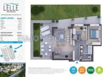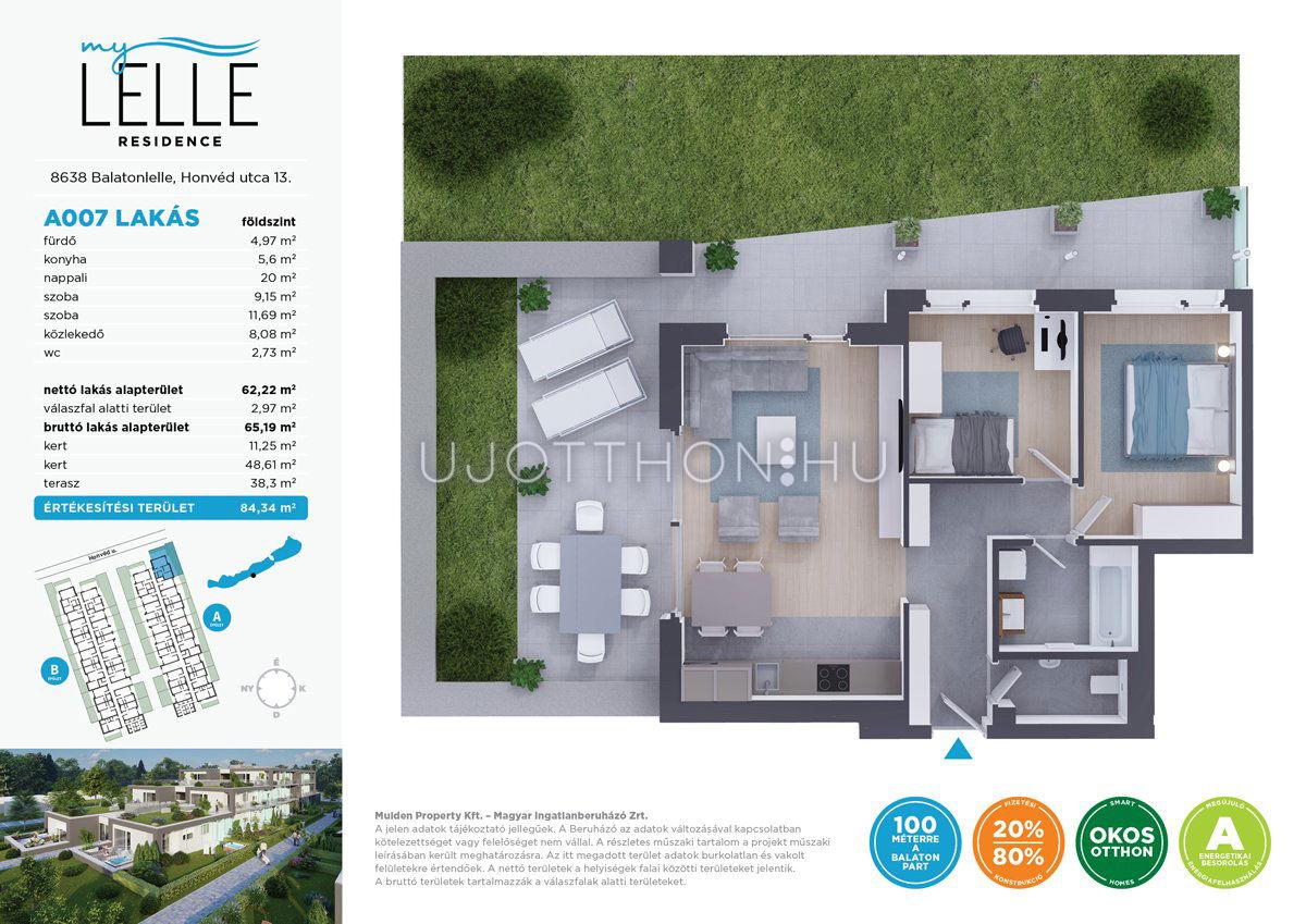 Legyen saját apartmanja a Balaton-parton, akár már 40 millió forinttól! Az újépítésű MyLelle Residence Balatonlelle szívében a Honvéd utcában, szinte a Balaton partján, mindössze 100 méterre a szabad strandtól kínál „A” energetikai besorolású apartmanokat. Az emberléptékűre tervezett, parkosított lakóparkban kétemeletes épületekben 74 darab lakás érhető el. Az alacsony fenntartást a korszerű építészeti és műszaki technológia és a megújuló energiafelhasználás (napelemek és hőszivattyús rendszer) biztosítja, így állandó ottlakásra vagy nyaralónak, de kiadásra is ideális lakásokat kínálunk – egy- és kéthálószobás kivitelben, eltérő méretű loggiával vagy terasszal, földszinti lakások esetében kertkapcsolattal. A lakóparktól néhány perc sétával elérhető a központ és a vasútállomás is.
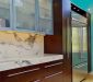 This contemporary classic kitchen remodel in Newport Beach was inspired by a clean, classic European style. The heavy duty stainless doors with opaque glass sparkle with wenge veneer cabinets. Carrera marble countertops and backsplash and KitchenAid appliances add the finishing touch.
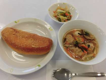 【献立】あげパン・肉団子入り春雨スープ・野菜の中華味・牛乳
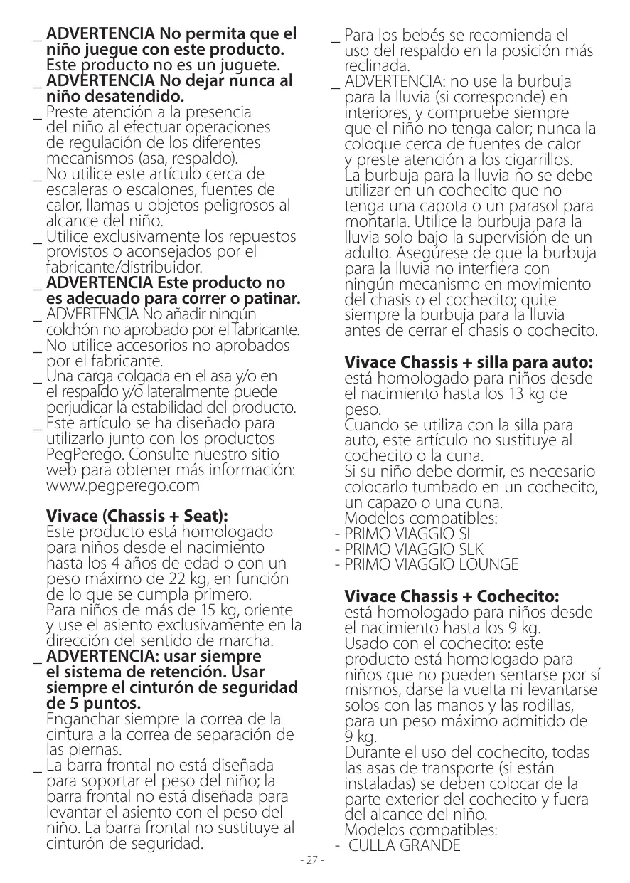Vivace Modular - Cochecito trío PEG PEREGO - Manual de uso y guía de instrucciones gratis
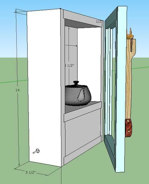 Primero diseñé el gabinete en sketch up. (cualquier geeks gráficos ahí pondrá las referencias de objeto). El pequeño interruptor en el lado elegir entre 3 opciones de luz: apagado, encendido, y 'luz activa'. La cavidad en la parte posterior llevará a cabo el paquete de la electrónica y batería.
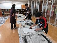さすが5年生星のみなさん、片付けも名人級キラキラです。冷たい水汗・焦るに負けないで了解、静かに黙々と花丸、自分たちが刷りで使ったトレイやローラーを洗って汗・焦るいました。

* TASK TO CARRY OUT *
Any picture in the listing is to be omitted. Return exactly the lines from the one containing "Vivace Modular - Cochecito" through its last line, both included, and only those.

* TASK ANSWER *
Vivace Modular - Cochecito trío PEG PEREGO - Manual de uso y guía de instrucciones gratis
 Primero diseñé el gabinete en sketch up. (cualquier geeks gráficos ahí pondrá las referencias de objeto). El pequeño interruptor en el lado elegir entre 3 opciones de luz: apagado, encendido, y 'luz activa'. La cavidad en la parte posterior llevará a cabo el paquete de la electrónica y batería.
さすが5年生星のみなさん、片付けも名人級キラキラです。冷たい水汗・焦るに負けないで了解、静かに黙々と花丸、自分たちが刷りで使ったトレイやローラーを洗って汗・焦るいました。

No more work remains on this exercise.